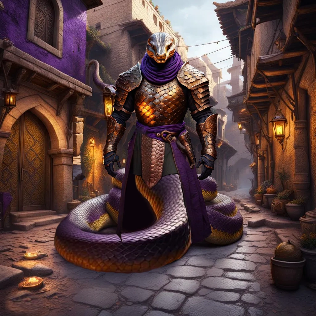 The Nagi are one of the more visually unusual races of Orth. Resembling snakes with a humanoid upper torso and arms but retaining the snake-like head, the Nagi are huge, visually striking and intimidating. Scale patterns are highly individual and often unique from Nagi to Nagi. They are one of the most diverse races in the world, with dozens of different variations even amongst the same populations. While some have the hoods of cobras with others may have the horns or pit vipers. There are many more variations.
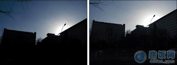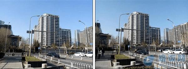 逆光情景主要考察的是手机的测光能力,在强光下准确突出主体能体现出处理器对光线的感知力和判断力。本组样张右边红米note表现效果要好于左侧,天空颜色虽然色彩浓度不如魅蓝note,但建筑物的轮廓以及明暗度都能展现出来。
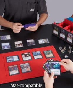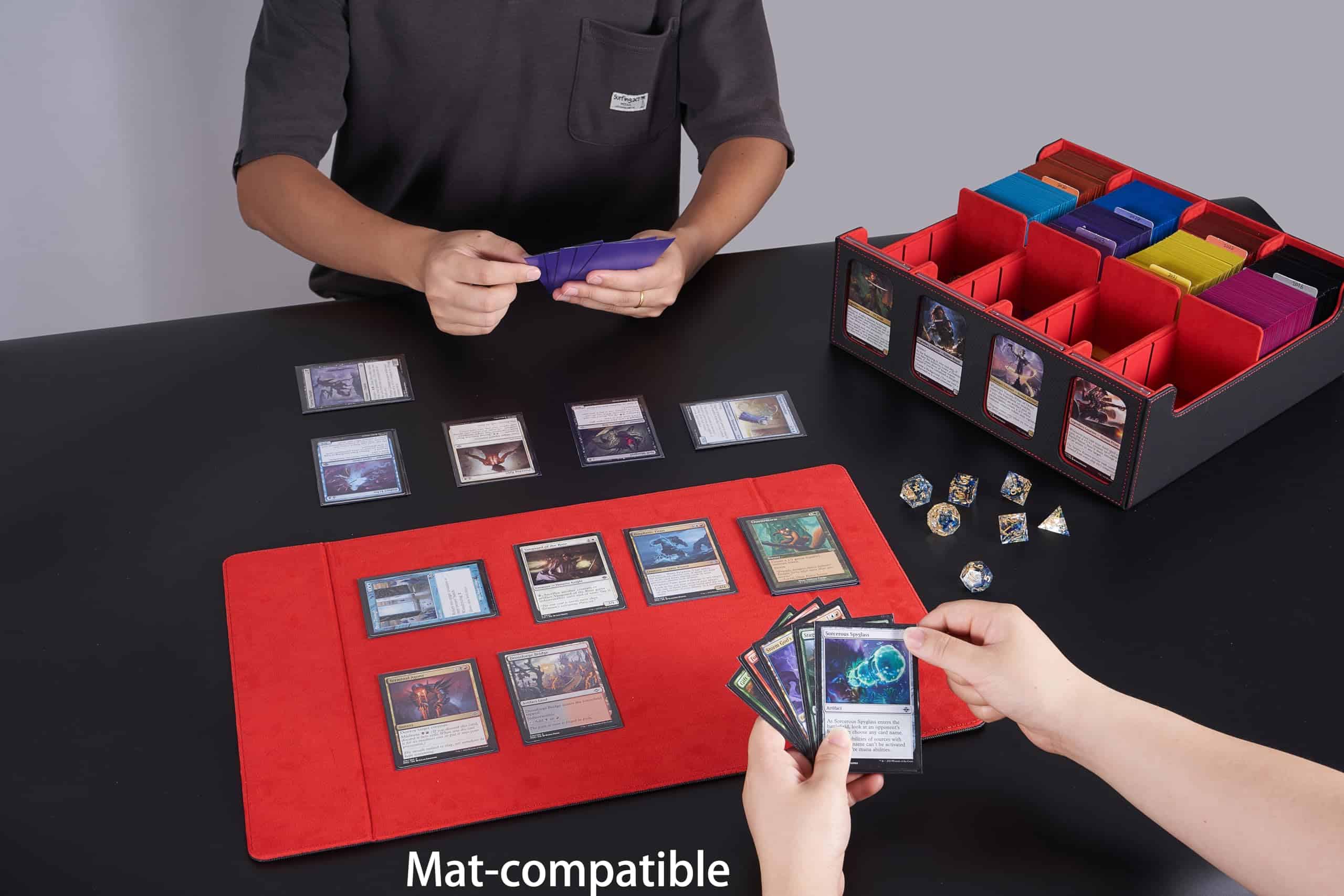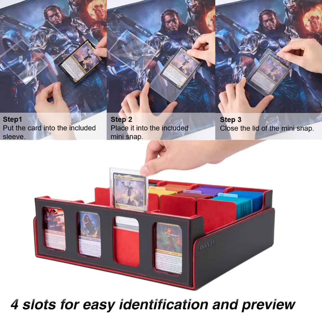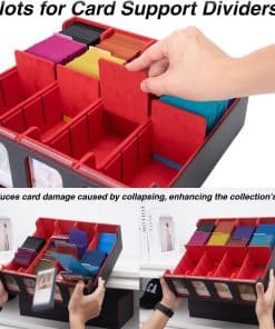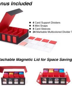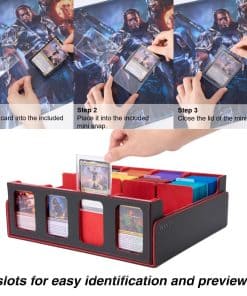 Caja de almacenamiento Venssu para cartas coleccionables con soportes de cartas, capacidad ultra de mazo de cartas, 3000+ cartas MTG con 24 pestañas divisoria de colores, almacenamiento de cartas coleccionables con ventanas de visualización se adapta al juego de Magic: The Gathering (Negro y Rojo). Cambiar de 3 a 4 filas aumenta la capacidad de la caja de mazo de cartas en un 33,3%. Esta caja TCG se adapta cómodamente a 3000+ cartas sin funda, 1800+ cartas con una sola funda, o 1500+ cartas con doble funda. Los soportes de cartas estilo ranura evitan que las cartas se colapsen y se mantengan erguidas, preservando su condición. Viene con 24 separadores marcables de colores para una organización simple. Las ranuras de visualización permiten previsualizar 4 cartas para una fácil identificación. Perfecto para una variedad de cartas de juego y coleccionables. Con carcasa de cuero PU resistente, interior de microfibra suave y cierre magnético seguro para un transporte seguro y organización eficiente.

━━━━

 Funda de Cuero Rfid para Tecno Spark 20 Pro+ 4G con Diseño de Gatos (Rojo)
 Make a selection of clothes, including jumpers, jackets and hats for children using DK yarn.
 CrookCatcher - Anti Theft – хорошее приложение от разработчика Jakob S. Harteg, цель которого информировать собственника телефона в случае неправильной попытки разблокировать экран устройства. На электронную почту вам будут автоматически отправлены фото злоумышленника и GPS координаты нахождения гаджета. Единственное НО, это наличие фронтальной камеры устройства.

━━━━

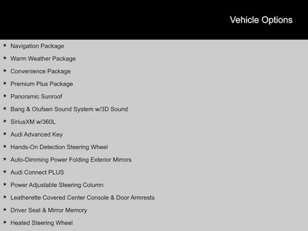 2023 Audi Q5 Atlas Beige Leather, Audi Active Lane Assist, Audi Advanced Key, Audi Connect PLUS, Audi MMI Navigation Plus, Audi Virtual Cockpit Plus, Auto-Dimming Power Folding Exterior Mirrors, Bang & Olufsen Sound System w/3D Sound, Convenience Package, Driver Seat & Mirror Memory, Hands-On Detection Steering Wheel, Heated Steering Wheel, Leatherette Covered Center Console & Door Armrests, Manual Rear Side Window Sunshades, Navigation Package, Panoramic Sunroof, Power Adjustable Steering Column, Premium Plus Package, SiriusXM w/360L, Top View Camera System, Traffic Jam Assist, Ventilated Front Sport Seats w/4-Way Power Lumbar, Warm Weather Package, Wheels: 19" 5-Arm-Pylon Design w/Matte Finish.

━━━━

| Prompt |
From the data above, reproduce word for word the lines running from the line with "Funda de Cuero" to the line with "Make a selection", ends included.

| Response for this exercise |
 Funda de Cuero Rfid para Tecno Spark 20 Pro+ 4G con Diseño de Gatos (Rojo)
 Make a selection of clothes, including jumpers, jackets and hats for children using DK yarn.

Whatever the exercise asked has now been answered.